Usually my terror at all things minutia can be supplemented by my daydreaming. If I wanted to be impressive I would call the daydreaming “vision-casting” or “big picture planning.” At the end of the day though, a good 75% of my mind is occupied by a combination of Giants’ statistics, lyrics I should know, conversations I’ve had and whatever I have read in the past day or so. Call it what you will, I pretty much daydream constantly. Maybe you do too.

So when I read Matthew’s account of the story of Jesus, I am the guy yawning and checking my watch till we get to chapter 5 (the Sermon on the Mount). The genealogies read like…well…I don’t know…something I don’t want to read. Yeah it is really cool that there are three sets of fourteen generations leading from Abraham to Jesus but honestly that is mainly a fact that is fascinating to day-dream about.

Then there is the story about John the Baptizer. That is a lot of fun. A guy in the wilderness that makes Bear Grilis look like Charles Nelson Reily (not to mention what he makes me look like!), he is pretty awesome. I have to admit though, when I look at Matthew’s story I get seriously antsy before chapter 5. Dietrich Bonhoeffer, after all, wrote a ton of stuff on the Sermon on the Mount…and there is this great book by Dallas Willard on the Sermon on the Mount…but there I go daydreaming again.

If I have to be honest, I don’t like the story about Herod and the Wise Men. Sure, the Three Kings are alright but the story really stinks. I mean, who in their right mind gets really excited about a tyrannical, murderous, heartless king killing children? That story is about as bad as it gets. A general statement of fact is bad enough- give me no more details!

And maybe that is why I tend to read right over that little sentence where Matthew compares the exodus of Mary, Joseph and Jesus to the Exodus of Moses, Aaron and Miriam. All this happened, as the story goes, so that Jesus could be the one who is brought up out of Egypt- just like the nation of Israel a thousand or so years before. God, it seems, is doing something different- something new.

In becoming man, Jesus announces that he will take over from here.

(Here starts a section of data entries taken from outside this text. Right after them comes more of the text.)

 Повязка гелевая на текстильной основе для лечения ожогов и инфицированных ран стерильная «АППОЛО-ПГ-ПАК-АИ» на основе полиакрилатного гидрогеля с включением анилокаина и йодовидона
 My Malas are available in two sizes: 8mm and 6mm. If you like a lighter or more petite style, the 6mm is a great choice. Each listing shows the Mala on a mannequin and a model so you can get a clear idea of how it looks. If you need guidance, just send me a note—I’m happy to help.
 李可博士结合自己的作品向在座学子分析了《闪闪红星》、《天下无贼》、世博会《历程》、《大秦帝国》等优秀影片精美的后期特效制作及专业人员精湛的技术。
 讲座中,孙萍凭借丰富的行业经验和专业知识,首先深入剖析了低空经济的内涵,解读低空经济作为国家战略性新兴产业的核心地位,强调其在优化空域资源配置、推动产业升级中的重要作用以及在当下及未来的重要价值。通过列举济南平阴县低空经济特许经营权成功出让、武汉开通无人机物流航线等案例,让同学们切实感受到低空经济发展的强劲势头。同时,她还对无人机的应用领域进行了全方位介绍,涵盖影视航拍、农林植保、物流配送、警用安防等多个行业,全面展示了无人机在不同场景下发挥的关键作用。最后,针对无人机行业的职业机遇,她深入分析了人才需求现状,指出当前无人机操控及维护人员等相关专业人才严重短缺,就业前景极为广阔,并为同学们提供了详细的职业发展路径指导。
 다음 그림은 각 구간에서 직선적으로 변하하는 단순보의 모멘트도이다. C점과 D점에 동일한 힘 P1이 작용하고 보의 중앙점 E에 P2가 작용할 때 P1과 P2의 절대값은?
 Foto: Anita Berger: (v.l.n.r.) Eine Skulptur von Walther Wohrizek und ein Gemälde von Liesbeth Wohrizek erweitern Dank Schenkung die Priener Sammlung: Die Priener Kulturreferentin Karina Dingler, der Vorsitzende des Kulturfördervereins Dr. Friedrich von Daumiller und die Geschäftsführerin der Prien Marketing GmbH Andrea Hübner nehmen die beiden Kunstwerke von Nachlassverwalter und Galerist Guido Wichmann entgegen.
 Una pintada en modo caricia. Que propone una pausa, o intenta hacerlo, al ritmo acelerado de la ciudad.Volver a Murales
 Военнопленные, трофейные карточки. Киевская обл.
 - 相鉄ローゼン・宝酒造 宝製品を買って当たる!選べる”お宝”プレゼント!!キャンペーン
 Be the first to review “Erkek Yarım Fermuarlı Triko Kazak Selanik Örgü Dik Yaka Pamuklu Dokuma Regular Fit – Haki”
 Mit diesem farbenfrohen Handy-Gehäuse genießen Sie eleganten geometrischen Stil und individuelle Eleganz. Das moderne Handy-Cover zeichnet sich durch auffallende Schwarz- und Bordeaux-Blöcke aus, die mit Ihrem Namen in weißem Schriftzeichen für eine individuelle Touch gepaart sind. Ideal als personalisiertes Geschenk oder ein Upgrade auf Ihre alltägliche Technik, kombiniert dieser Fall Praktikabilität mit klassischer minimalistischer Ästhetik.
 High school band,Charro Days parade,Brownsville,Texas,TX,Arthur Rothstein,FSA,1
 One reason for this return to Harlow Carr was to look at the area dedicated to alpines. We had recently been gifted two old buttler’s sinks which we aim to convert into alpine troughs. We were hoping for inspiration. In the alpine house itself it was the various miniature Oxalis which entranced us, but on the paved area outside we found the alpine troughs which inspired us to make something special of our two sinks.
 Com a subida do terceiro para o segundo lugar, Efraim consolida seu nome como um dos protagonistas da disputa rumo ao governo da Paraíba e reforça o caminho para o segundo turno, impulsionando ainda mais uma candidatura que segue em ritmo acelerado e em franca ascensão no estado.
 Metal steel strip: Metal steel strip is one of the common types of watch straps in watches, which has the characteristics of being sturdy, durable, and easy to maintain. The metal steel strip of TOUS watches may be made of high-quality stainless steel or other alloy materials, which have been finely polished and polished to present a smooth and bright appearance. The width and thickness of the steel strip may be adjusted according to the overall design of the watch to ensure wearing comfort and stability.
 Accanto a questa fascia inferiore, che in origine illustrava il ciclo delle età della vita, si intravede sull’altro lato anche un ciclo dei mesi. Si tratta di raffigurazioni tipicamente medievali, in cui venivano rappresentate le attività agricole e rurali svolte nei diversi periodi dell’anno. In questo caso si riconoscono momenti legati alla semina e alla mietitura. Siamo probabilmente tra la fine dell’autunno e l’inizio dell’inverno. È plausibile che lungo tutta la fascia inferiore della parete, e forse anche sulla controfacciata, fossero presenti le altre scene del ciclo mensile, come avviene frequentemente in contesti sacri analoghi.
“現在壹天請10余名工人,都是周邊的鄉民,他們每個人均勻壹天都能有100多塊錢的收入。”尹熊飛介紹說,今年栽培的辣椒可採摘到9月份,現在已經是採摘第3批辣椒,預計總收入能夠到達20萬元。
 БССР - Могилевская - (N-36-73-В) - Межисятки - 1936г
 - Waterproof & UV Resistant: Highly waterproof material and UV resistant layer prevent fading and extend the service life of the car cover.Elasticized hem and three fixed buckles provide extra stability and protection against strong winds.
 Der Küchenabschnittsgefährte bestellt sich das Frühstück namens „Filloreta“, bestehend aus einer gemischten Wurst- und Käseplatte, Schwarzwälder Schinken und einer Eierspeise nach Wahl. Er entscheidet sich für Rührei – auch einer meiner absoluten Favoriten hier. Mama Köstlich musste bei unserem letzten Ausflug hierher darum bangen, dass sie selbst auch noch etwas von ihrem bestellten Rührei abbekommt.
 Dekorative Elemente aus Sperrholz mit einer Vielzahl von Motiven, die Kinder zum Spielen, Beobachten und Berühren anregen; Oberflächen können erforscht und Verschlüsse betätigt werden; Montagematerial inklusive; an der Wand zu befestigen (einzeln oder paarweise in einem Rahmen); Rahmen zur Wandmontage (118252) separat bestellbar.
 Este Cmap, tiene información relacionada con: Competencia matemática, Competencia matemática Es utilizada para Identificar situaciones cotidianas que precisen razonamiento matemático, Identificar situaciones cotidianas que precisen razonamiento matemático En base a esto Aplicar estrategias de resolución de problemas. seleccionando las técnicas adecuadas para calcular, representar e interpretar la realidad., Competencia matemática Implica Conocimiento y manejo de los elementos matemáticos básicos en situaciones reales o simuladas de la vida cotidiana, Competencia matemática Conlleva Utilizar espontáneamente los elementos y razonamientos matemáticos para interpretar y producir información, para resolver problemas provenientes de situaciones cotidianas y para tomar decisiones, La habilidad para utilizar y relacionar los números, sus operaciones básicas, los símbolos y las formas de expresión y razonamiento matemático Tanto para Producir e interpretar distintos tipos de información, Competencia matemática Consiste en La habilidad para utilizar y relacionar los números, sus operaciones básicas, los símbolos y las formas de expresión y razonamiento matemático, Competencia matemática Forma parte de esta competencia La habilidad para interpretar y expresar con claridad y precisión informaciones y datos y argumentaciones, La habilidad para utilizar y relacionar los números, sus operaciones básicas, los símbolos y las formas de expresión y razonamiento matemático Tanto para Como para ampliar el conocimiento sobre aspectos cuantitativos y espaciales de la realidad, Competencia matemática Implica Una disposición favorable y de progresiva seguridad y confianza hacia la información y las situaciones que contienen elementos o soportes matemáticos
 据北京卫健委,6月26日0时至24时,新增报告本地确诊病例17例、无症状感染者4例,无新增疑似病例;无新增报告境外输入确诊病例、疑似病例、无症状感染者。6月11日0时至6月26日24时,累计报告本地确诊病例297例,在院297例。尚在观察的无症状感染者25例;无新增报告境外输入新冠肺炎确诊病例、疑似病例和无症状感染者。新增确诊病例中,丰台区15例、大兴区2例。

And from that moment on, we see Jesus taking the wheel (apologies to Carrie Underwood) and living our life for us. He is everything God’s people were meant to be. He is everything we were supposed to be way back when his Father formed Adam and Eve from the clay. From now on, Jesus’ obedience, righteousness, faith, love, joy, peace, patience, kindness, goodness and self-control will stand for his people.

So it makes sense that the first story Matthew would tell about Jesus would be his temptation. Jesus is tempted for forty days (Israel wandered for forty years). Jesus was hungry (Remember all those pleas for food that God answered by raining down manna and quail?). Jesus was alone (How many times have you felt all alone?). Jesus had every reason to doubt his Father’s love and protection (We have all been there, right?).

And yet, as the story goes, Jesus was tested in every way we were and yet was without sin. That is the difference. Jesus went through the same crap we have to go through, only he trusted his Father. And Matthew wants us to know right from the beginning of his story that Jesus’ obedience is now ours.

Can you imagine that? God’s loyalty to himself can stand for yours. God’s love for himself can be your love for him.

Because God called his son out of Egypt, he has called you up out of the same place. Out of the land of slavery. Out of bondage. Out of fear. Out of death.

All this freedom we’ve been missing! It’s been hiding in the small-print!